Dataset entries:
══════

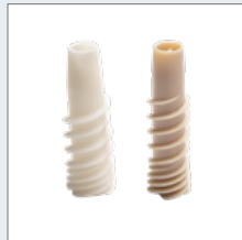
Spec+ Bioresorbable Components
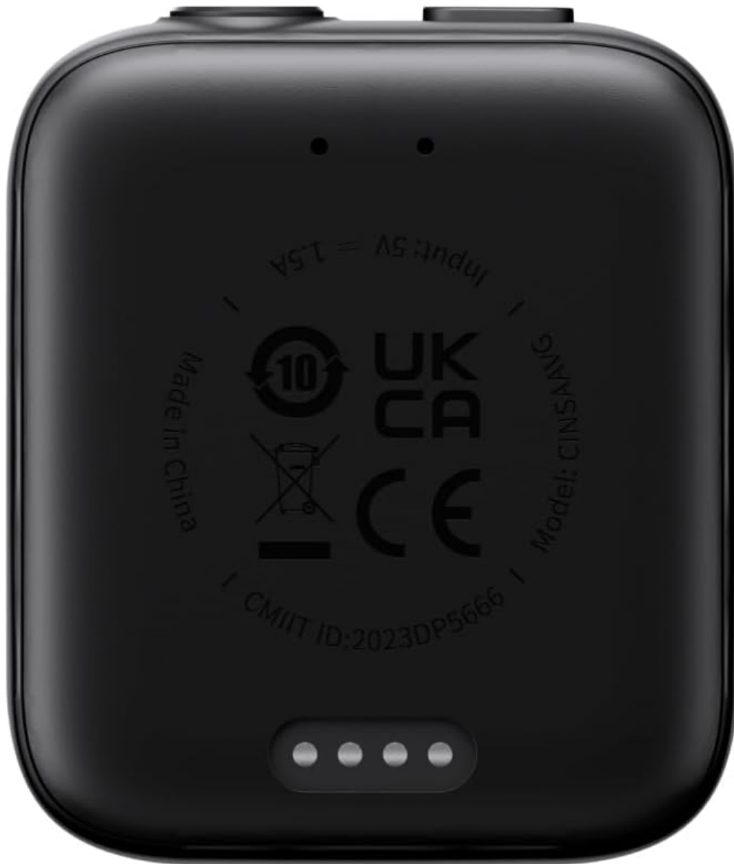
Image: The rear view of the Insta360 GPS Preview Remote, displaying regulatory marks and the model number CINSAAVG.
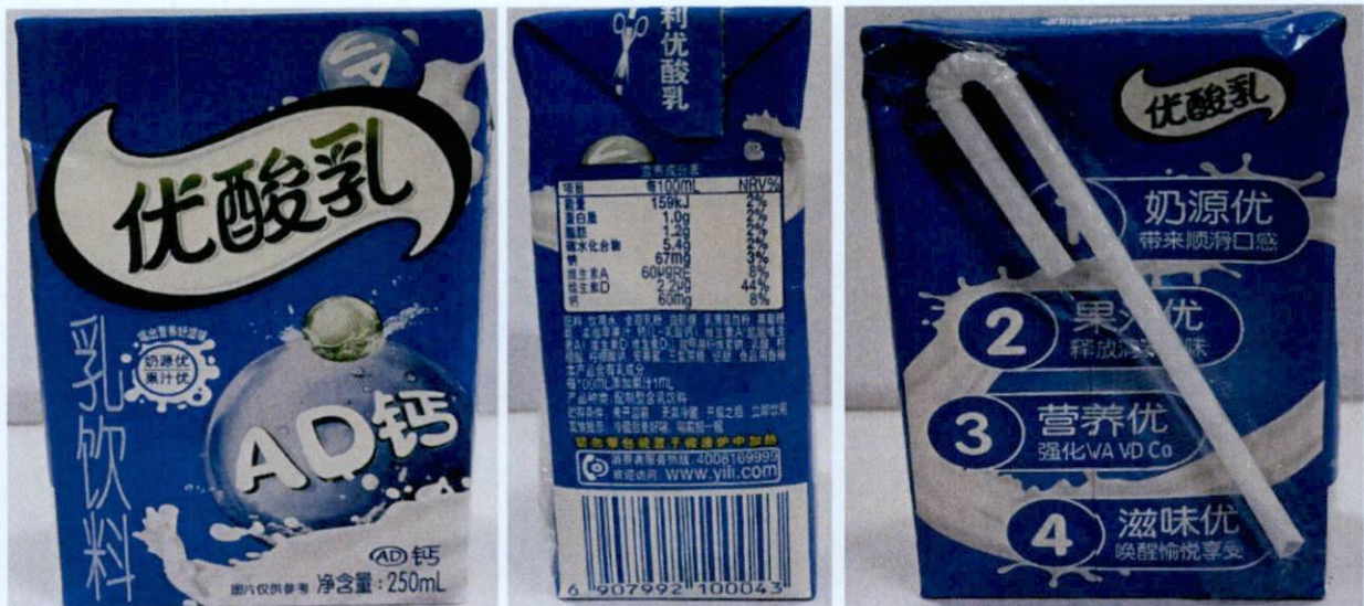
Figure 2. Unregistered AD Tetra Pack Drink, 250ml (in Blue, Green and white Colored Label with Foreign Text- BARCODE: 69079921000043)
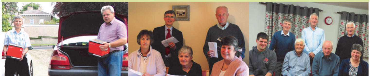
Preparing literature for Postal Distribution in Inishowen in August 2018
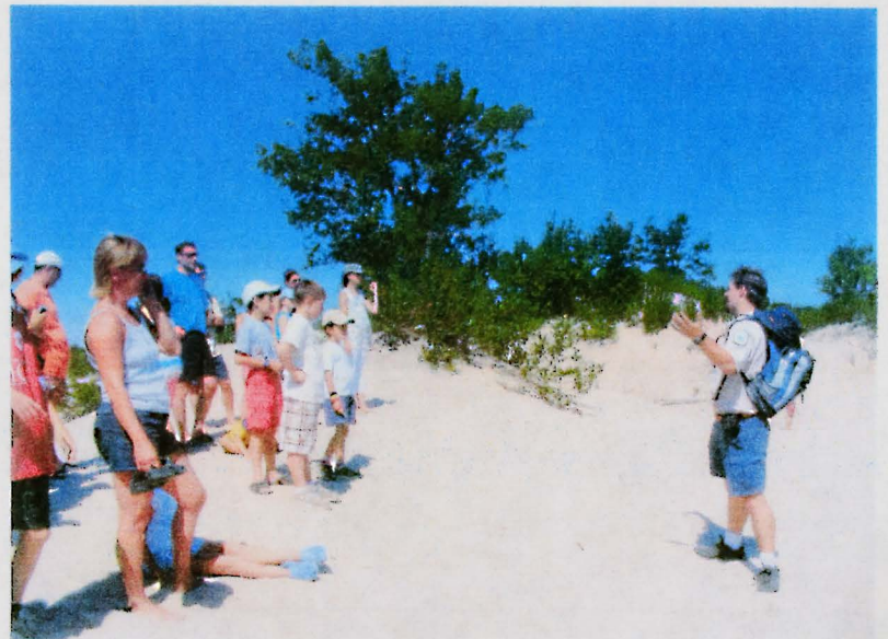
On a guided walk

══════

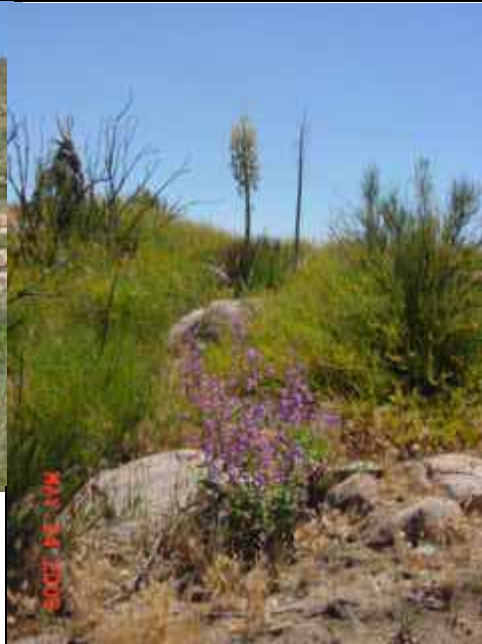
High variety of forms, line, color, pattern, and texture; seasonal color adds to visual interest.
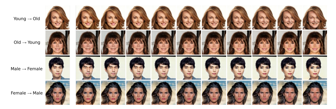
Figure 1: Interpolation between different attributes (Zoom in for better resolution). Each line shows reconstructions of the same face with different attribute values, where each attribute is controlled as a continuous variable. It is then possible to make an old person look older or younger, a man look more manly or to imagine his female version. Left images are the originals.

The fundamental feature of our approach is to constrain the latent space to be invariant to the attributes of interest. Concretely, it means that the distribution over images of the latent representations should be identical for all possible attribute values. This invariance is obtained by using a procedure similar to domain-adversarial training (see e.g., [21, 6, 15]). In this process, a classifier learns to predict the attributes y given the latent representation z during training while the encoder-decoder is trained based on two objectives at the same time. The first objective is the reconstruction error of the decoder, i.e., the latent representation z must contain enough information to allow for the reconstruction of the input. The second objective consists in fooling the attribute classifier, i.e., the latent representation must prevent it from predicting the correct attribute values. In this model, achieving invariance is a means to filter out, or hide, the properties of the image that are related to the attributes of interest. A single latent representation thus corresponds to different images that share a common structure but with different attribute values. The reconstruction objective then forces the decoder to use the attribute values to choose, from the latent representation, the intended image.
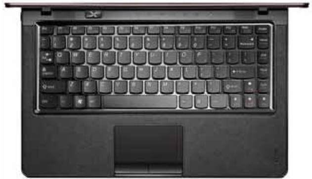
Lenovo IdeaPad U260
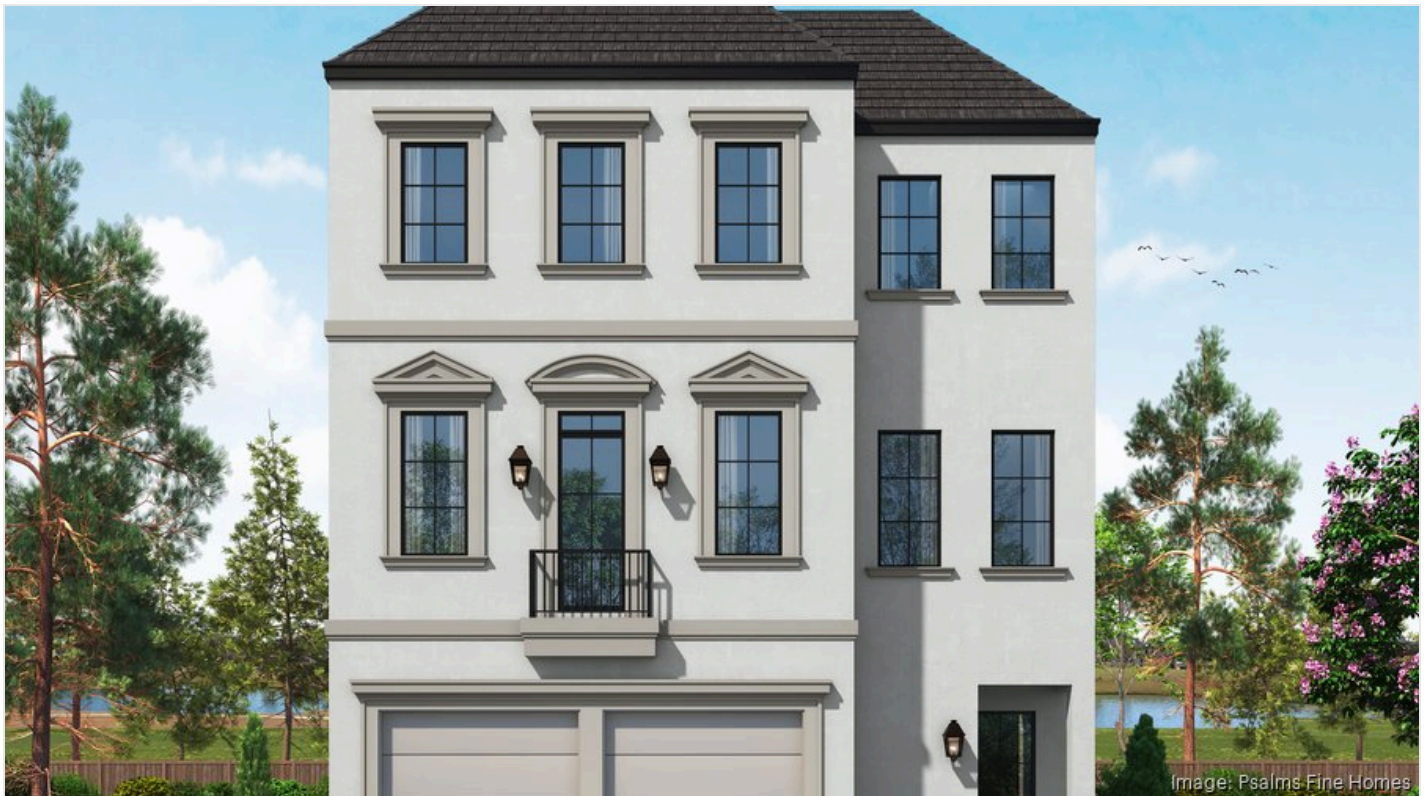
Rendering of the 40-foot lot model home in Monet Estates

══════

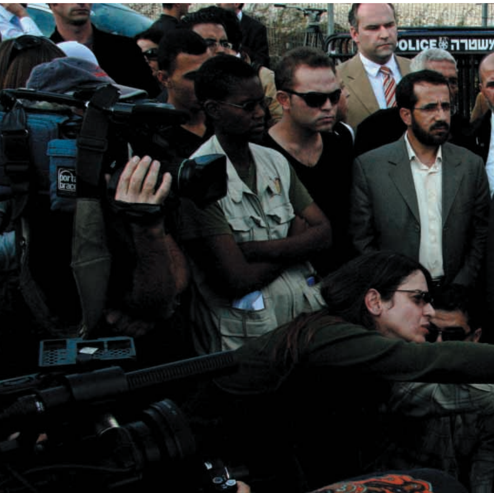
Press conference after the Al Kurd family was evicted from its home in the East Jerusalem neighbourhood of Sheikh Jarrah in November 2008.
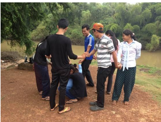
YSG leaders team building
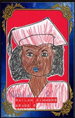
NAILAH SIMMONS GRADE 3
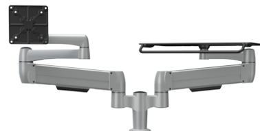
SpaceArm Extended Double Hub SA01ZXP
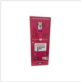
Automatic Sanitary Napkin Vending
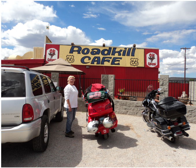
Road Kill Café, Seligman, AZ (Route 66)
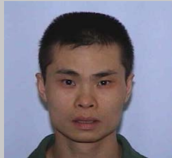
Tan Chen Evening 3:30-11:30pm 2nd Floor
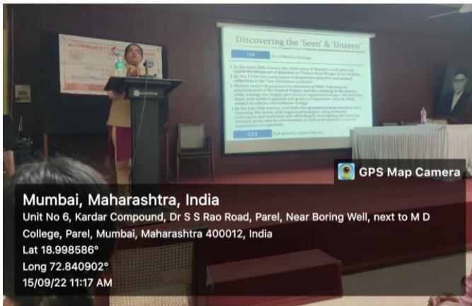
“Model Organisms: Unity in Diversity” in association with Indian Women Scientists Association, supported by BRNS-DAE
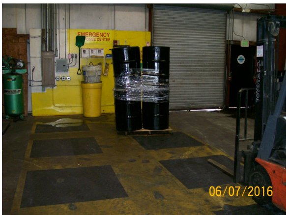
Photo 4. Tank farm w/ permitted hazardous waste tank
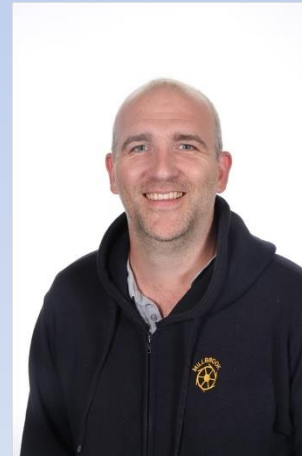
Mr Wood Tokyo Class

══════

▶ WHAT NEEDS TO BE DONE
Return exactly the stretch above whose first line contains "Lenovo IdeaPad U260" and whose last line contains "Rendering of the", and nothing outside it. The pictures should not appear.

▶ SOLUTION TO THIS TASK
Lenovo IdeaPad U260
Rendering of the 40-foot lot model home in Monet Estates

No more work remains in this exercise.